Fiber (mathematics)
In mathematics, the archetype is a term related functions. The archetype of a set under a function is the set of elements which are represented by elements in. An element from the definition of quantity is exactly then the preimage of when in lies. This is the archetype of a subset of the target set of a subset of the set of definitions.
Definition
Is a function, and a subset of the. Then we denote the set
As the inverse image of M under f
A prototype is therefore a value of the so-called inverse image function that maps the archetype as an element of the power set of the set of definitions each element of the power set of the target amount.
The archetype of a singleton to write as
And it is called the inverse image of b under f This amount but need not be a singleton ( so it can be empty or contain more than one element ).
The inverse image of an element is sometimes also called the fiber of this element, in particular in the context of fiber bundles.
Examples
For the function ( an integer ) with the following applies:
Properties
Injectivity, surjectivity, bijectivity
- Under a bijective function, the preimage of each element ( exactly ) is a singleton.

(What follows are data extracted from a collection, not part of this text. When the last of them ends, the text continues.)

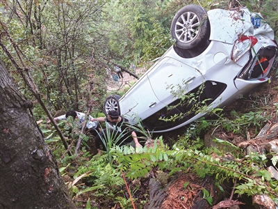 本报讯(记者 金易梵 通讯员 丁颖楠)近日,常安派出所接到群众报警,称车辆在常安镇大源坪附近失控冲出路面,仰翻于路基下方的陡坡上,车内3人被困,情况危急。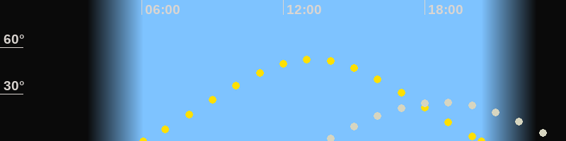 | Sonnenaufgang | 06:03 Uhr im Osten (αAz = 67.9°) |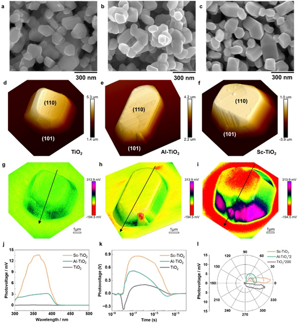 所制备得到的Sc掺杂二氧化钛的光生电荷分离效率(表面光电压)提升了200余倍(图2j),对波长360 nm单色光激发产生的光生电荷的利用效率提升到了30%以上,而与其他报道的TiO₂样品相比,在相近测试条件下性能提升了15倍以上,创造了TiO₂基光催化材料的性能新纪录(图3)。
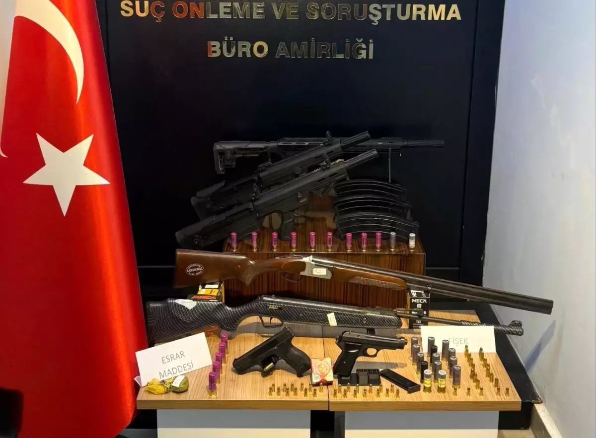 İl Emniyet Müdürlüğü ünitelerinin iştirakiyle gerçekleştirilen operasyonda, yapılan aramalarda 7 adet pompalı tüfek, 2 adet ruhsatsız tabanca, 129 adet kartuş, 100 adet fişek ile 9 gram esrar ele geçirildi.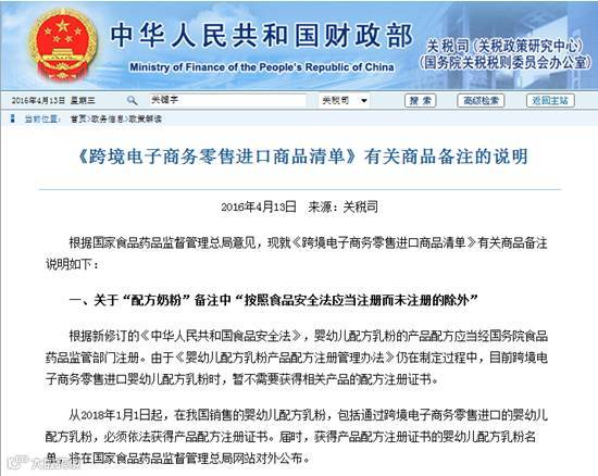 而在今年4月13日,财政部在其发布的《跨境电商零售进口商品清单》补充说明中提到,从2018年1月1日起,通过跨境电商进口的婴幼儿配方奶粉必须依法获得产品配方注册证书。那么,跨境电商进口的婴幼儿奶粉,到底需要从何时起受到监管呢?

The mapping which assigns to each element of the (one, that is uniquely determined) element of its archetype, ie inverse function of. They are called (even - as the prototype function) with. This can easily lead to misunderstandings if you do not detail writes for the inverse function (which they will then be clearly distinguished from the prototype function).
- Under an injective function is the inverse image of an element at most a singleton (that is always a singleton or empty).
- Under a surjective function is the inverse image of an element at least a singleton (that is always non-empty ).
Set operations and properties
It is a function, and and are subsets of. Then:
It refers to the complement of the respective base amount.
The statements about union and intersection can be generalized as two treatments on any family of subsets.
Image and preimage
It is a function of a subset and a subset of the. Then:
- Is injective, then the equality holds.
- Is surjective, then the equality holds ( is sufficiently already that that is a subset of the image of is ).